Supplied material:
[Start of section]
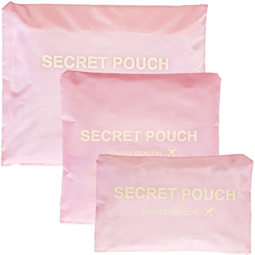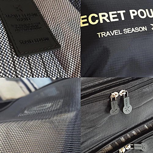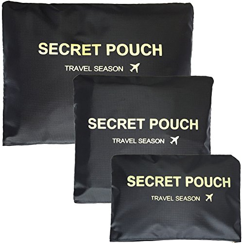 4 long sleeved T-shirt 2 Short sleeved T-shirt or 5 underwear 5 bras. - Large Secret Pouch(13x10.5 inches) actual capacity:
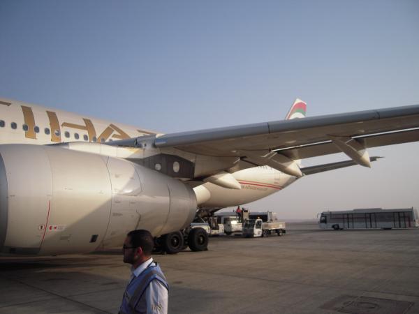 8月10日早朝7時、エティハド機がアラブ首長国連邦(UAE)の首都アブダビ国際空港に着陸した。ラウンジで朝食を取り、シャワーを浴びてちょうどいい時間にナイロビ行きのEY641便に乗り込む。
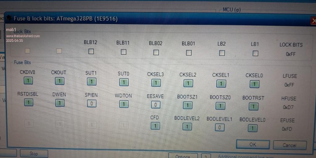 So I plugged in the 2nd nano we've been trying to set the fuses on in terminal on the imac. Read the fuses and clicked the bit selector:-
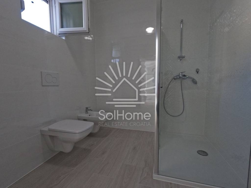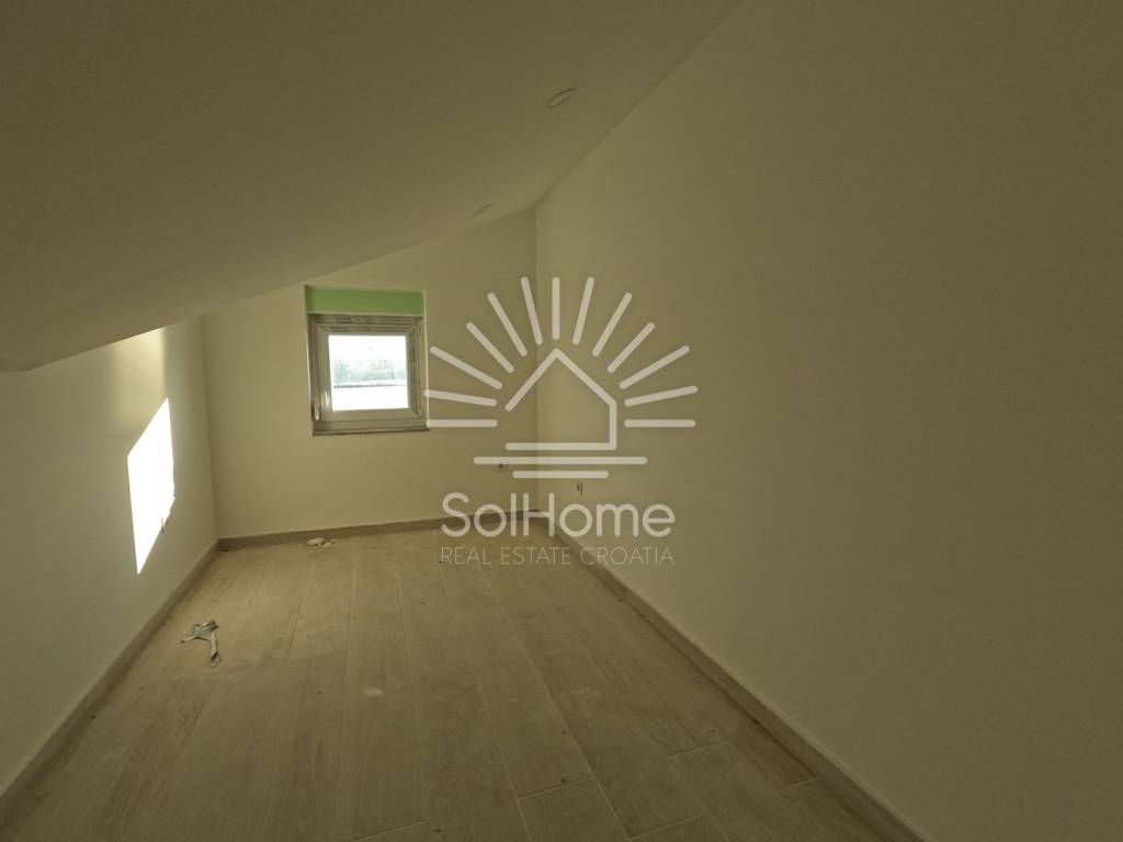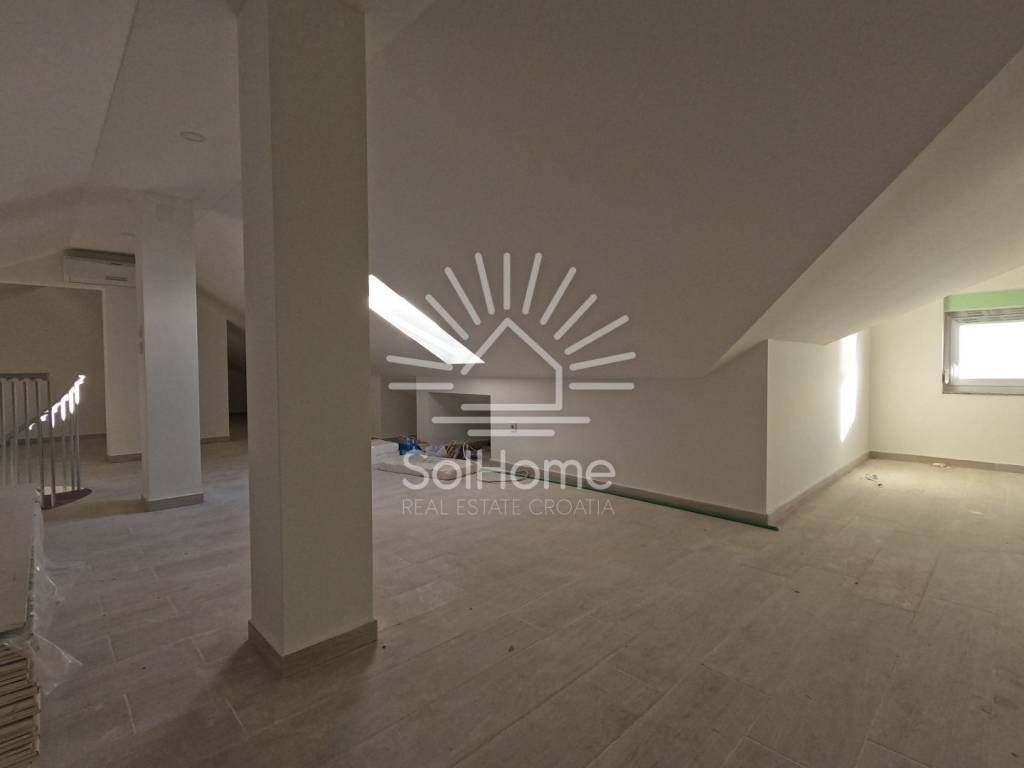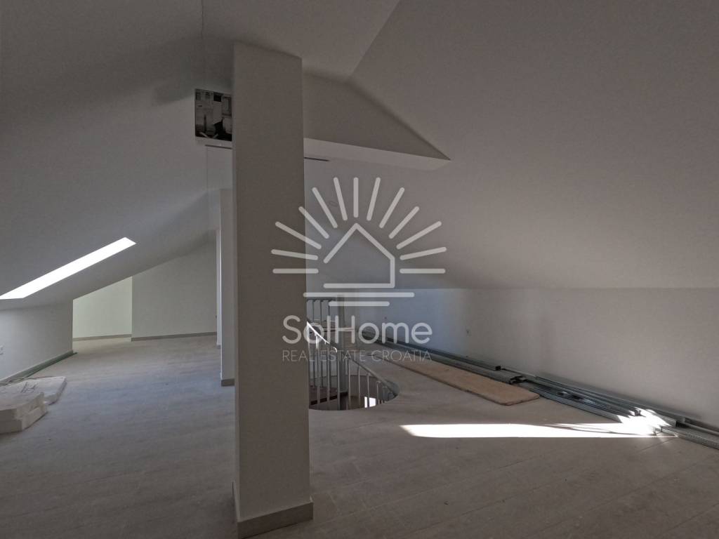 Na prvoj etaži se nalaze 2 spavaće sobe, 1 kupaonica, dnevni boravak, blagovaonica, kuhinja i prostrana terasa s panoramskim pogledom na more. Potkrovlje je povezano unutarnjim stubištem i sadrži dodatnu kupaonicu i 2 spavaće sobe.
[End of section]
[Start of section]
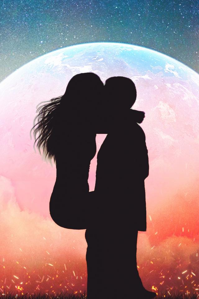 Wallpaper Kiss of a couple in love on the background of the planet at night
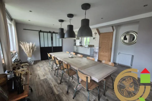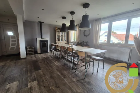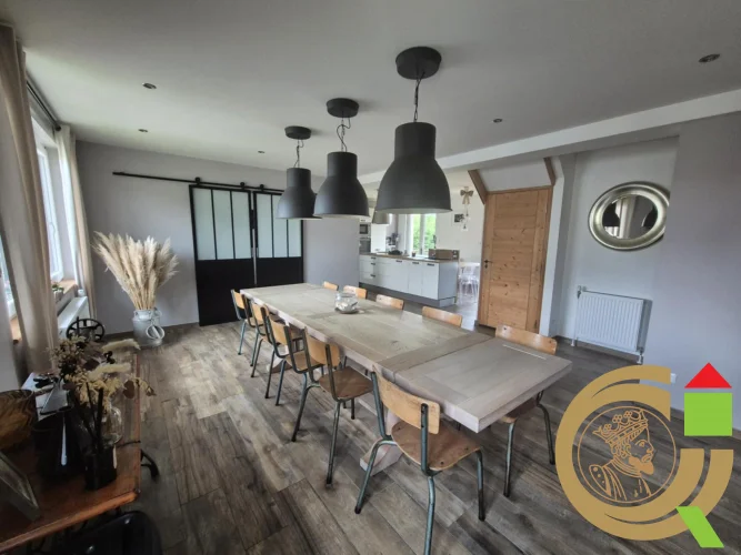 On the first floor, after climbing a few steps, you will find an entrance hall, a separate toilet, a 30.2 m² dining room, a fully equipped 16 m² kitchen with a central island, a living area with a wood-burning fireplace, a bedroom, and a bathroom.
[End of section]
Above, find the line with "4 long sleeved"; copy it and every line down to the line with "Na prvoj etaži", exactly and both included, but no pictures.

 4 long sleeved T-shirt 2 Short sleeved T-shirt or 5 underwear 5 bras. - Large Secret Pouch(13x10.5 inches) actual capacity:
 8月10日早朝7時、エティハド機がアラブ首長国連邦(UAE)の首都アブダビ国際空港に着陸した。ラウンジで朝食を取り、シャワーを浴びてちょうどいい時間にナイロビ行きのEY641便に乗り込む。
 So I plugged in the 2nd nano we've been trying to set the fuses on in terminal on the imac. Read the fuses and clicked the bit selector:-
 Na prvoj etaži se nalaze 2 spavaće sobe, 1 kupaonica, dnevni boravak, blagovaonica, kuhinja i prostrana terasa s panoramskim pogledom na more. Potkrovlje je povezano unutarnjim stubištem i sadrži dodatnu kupaonicu i 2 spavaće sobe.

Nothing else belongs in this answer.